*** Data extracts Section Begins ***

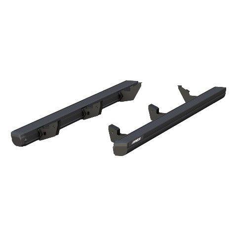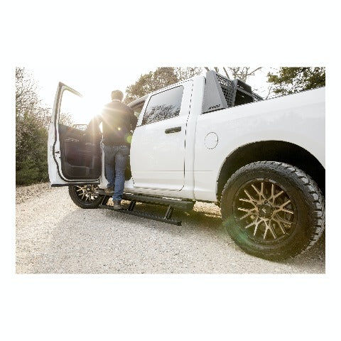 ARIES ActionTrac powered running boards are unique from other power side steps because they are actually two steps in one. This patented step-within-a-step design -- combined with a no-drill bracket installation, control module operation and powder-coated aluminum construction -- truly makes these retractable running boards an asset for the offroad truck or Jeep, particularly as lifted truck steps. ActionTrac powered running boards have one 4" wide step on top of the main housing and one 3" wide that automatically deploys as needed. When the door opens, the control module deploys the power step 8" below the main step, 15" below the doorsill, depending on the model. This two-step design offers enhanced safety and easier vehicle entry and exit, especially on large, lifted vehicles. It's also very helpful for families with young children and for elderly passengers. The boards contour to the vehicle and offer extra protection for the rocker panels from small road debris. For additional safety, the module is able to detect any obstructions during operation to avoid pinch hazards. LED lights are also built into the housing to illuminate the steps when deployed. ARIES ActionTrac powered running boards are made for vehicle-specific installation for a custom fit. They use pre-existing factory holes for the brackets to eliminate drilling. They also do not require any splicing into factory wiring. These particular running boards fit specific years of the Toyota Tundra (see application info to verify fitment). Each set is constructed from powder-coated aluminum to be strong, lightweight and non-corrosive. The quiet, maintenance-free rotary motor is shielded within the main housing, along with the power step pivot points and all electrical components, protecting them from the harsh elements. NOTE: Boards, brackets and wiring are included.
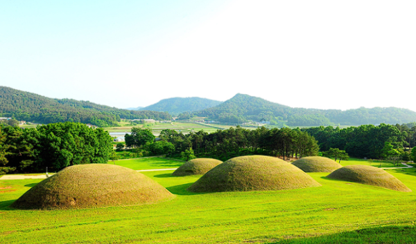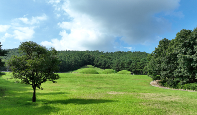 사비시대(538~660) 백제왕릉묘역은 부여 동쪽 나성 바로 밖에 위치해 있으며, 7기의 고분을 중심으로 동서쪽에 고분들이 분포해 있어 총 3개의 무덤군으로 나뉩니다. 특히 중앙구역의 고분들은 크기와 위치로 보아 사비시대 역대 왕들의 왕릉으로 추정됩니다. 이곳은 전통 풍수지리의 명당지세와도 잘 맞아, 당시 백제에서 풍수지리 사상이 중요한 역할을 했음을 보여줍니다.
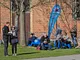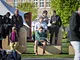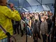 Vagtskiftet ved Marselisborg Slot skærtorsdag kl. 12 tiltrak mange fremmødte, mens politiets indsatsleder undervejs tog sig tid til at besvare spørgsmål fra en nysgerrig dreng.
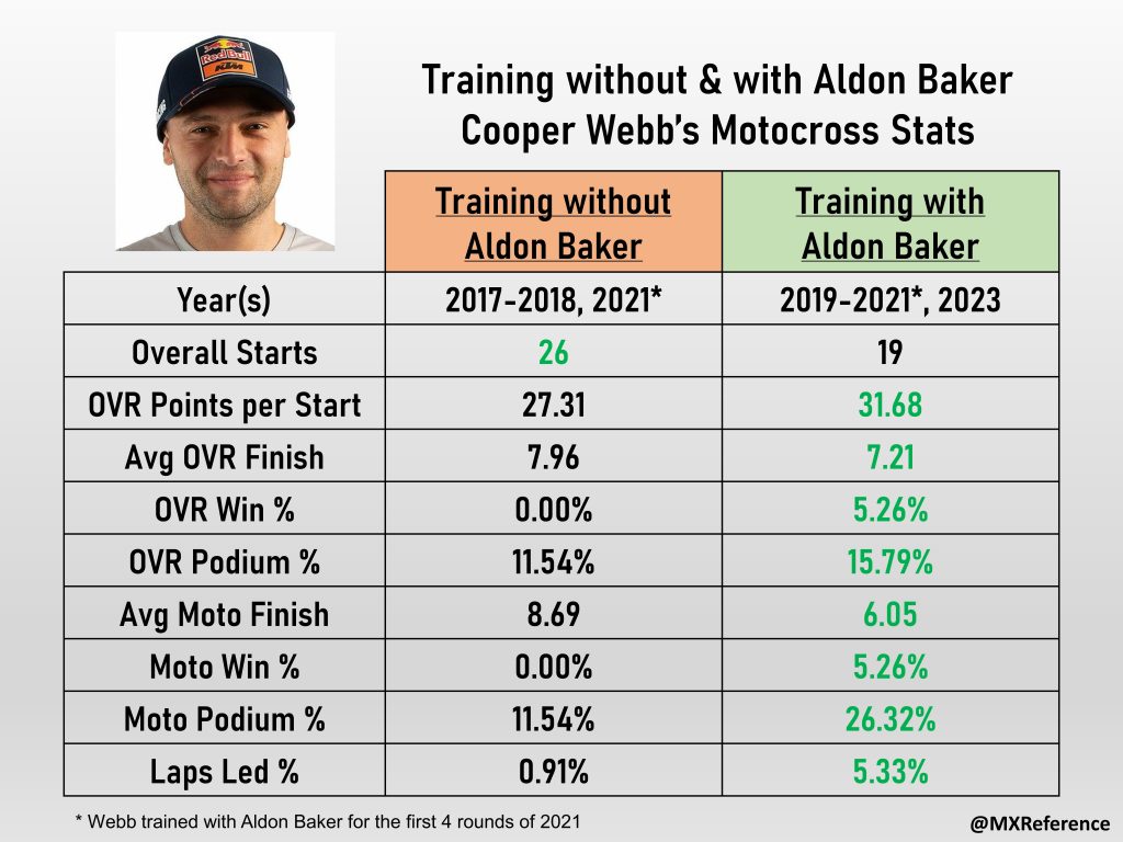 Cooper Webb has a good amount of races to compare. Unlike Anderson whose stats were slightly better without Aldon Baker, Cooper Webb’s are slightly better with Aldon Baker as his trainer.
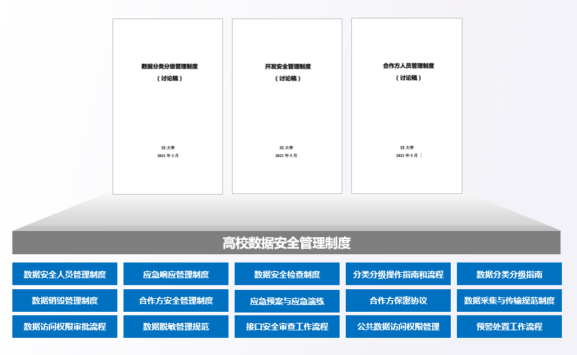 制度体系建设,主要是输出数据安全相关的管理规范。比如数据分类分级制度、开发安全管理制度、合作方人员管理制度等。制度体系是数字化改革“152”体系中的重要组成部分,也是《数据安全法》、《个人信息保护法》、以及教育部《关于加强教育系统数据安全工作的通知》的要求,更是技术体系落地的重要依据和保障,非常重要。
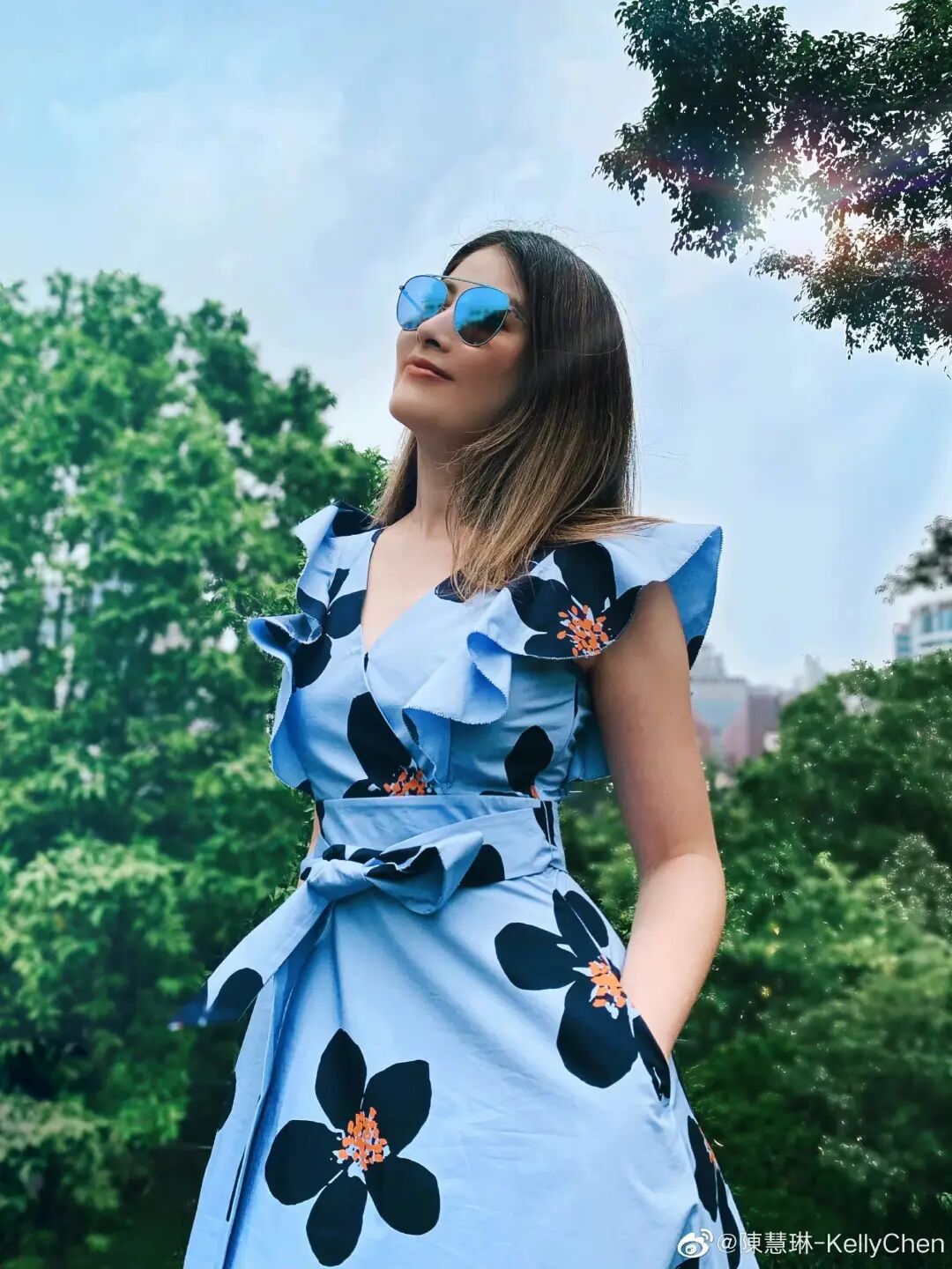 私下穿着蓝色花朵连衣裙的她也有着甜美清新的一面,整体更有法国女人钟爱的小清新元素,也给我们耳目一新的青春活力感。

*** Data extracts Section Ends ***

The copy you produce must match the entries above exactly, except that it has no pictures.

 ARIES ActionTrac powered running boards are unique from other power side steps because they are actually two steps in one. This patented step-within-a-step design -- combined with a no-drill bracket installation, control module operation and powder-coated aluminum construction -- truly makes these retractable running boards an asset for the offroad truck or Jeep, particularly as lifted truck steps. ActionTrac powered running boards have one 4" wide step on top of the main housing and one 3" wide that automatically deploys as needed. When the door opens, the control module deploys the power step 8" below the main step, 15" below the doorsill, depending on the model. This two-step design offers enhanced safety and easier vehicle entry and exit, especially on large, lifted vehicles. It's also very helpful for families with young children and for elderly passengers. The boards contour to the vehicle and offer extra protection for the rocker panels from small road debris. For additional safety, the module is able to detect any obstructions during operation to avoid pinch hazards. LED lights are also built into the housing to illuminate the steps when deployed. ARIES ActionTrac powered running boards are made for vehicle-specific installation for a custom fit. They use pre-existing factory holes for the brackets to eliminate drilling. They also do not require any splicing into factory wiring. These particular running boards fit specific years of the Toyota Tundra (see application info to verify fitment). Each set is constructed from powder-coated aluminum to be strong, lightweight and non-corrosive. The quiet, maintenance-free rotary motor is shielded within the main housing, along with the power step pivot points and all electrical components, protecting them from the harsh elements. NOTE: Boards, brackets and wiring are included.
 사비시대(538~660) 백제왕릉묘역은 부여 동쪽 나성 바로 밖에 위치해 있으며, 7기의 고분을 중심으로 동서쪽에 고분들이 분포해 있어 총 3개의 무덤군으로 나뉩니다. 특히 중앙구역의 고분들은 크기와 위치로 보아 사비시대 역대 왕들의 왕릉으로 추정됩니다. 이곳은 전통 풍수지리의 명당지세와도 잘 맞아, 당시 백제에서 풍수지리 사상이 중요한 역할을 했음을 보여줍니다.
 Vagtskiftet ved Marselisborg Slot skærtorsdag kl. 12 tiltrak mange fremmødte, mens politiets indsatsleder undervejs tog sig tid til at besvare spørgsmål fra en nysgerrig dreng.
 Cooper Webb has a good amount of races to compare. Unlike Anderson whose stats were slightly better without Aldon Baker, Cooper Webb’s are slightly better with Aldon Baker as his trainer.
 制度体系建设,主要是输出数据安全相关的管理规范。比如数据分类分级制度、开发安全管理制度、合作方人员管理制度等。制度体系是数字化改革“152”体系中的重要组成部分,也是《数据安全法》、《个人信息保护法》、以及教育部《关于加强教育系统数据安全工作的通知》的要求,更是技术体系落地的重要依据和保障,非常重要。
 私下穿着蓝色花朵连衣裙的她也有着甜美清新的一面,整体更有法国女人钟爱的小清新元素,也给我们耳目一新的青春活力感。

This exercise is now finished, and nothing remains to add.